Deuxième remarque plus critique. La phénoménologie de la
blancheur que propose David Le Breton ne m’apparaît pas tout à fait assez
délimitée en largeur et en hauteur. On ne discerne pas toujours l’unité du
processus dans la diversité des situations présentées[5]. Il
pourra m’opposer que cette néantisation de soi peut difficilement être « cernée
» sans être perdue, mais il me semble pourtant, qu’au-delà des illustrations
apportées successivement dans le livre (et notamment les exemples littéraires), il y a une logique (une structure
commune du phénomène) qu’il s’est refusé d'expliciter alors que, pourtant il la
suggère. Le point commun de tous les phénomènes décrits est une difficulté
vécue avec son identité narrative. Le blanc arrive quand il y a du blanc dans le récit de vie (voir p. 189).
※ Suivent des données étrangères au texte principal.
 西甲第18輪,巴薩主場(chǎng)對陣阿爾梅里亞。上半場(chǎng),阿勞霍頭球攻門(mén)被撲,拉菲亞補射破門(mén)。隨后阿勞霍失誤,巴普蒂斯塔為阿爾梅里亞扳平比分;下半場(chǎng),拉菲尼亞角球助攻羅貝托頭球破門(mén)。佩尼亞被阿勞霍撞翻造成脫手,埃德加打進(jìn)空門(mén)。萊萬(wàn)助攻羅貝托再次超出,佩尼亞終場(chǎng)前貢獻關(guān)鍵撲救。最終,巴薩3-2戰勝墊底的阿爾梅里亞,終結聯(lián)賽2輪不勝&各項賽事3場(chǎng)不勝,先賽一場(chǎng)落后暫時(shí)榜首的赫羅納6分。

Elle peut
être ponctuelle (le week end, vacances, frustration), conjoncturelle
(adolescence – crise du milieu de la vie - vieillissement) ou structurelle
(brisure intérieure), mais c’est impossibilité de se raconter (à soi et à
d’autres, donc en se mettant à la place d’autui[6]) qui
nous plonge dans le désarroi existentiel.
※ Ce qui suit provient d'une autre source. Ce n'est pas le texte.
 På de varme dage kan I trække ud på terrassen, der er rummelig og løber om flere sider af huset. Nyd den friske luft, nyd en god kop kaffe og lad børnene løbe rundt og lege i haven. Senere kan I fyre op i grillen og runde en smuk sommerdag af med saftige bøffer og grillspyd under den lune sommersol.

D’où ma troisième remarque : le critère entre une «
blancheur » nécessaire et acceptable (blancheur remède) pour l’individu
contemporain et une blancheur pathologique, résultat d’une souffrance profonde
n’est pas questionné. Pour dire les choses simplement : nous nous sommes
tous surpris, je crois, à contempler de manière hébété notre écran d’ordinateur
avec comme seul spectacle l’évolution de la barre de téléchargement. C’est là une
blancheur relevant de la psycho-pathologie de la vie quotidienne : pas
grave et peu être utile à la santé mentale. Mais la blancheur d’une addiction
poussée, d’un engagement sectaire, … relève d’une autre logique. Dans un cas, c’est
un répit salutaire pour un individu et au service d’un sujet ; dans
l’autre, c’est l’auto-destruction du sujet lui-même. Bref, dans un cas, c’est
la santé ; dans l’autre, c’est la souffrance d’un individu qui se noie
dans la disparition de soi. La différence est tout de même cruciale, et il y a
quelque risque à ne pas la pointer[7],
d’autant que Le Breton suggère lui-même que la marche, le sport, la sieste,
… sont des moments positifs de blancheur. Quand on parvient à la canaliser
pour apprivoiser son soi et vivre avec lui …
[1] Gilles
Lipovetsky, dans l’Ere du vide, avait
déjà suggéré cette convergence.
[2] Car le
lâcher-prise demande beaucoup de … maîtrise !
[3] C’est,
au Japon, la mort au travail avec son pendant adolescent : « Il s’agit
d’initier l’enfant à l’art de se tuer aux études, afin qu’il continue à se tuer
au travail le moment venu » (p. 100).
[4]
L’islamisme radical doit être interprété, me semble-t-il, non comme un retour
du religieux, mais comme la métamorphose d’un message religieux en idéologie
politique.
[5] Par
exemple, la mélancolie comme une « humeur noire » est-elle vraiment
blanche ?
[6] Soit dit
en passant : c’est la « pensée élargie » qui permet de sortir de
l’antinomie entre narcissisme et dépression.
[7] Ecouter sur ce point la réponse de David Le Breton à cette (petite) objection que je lui fais sur France inter.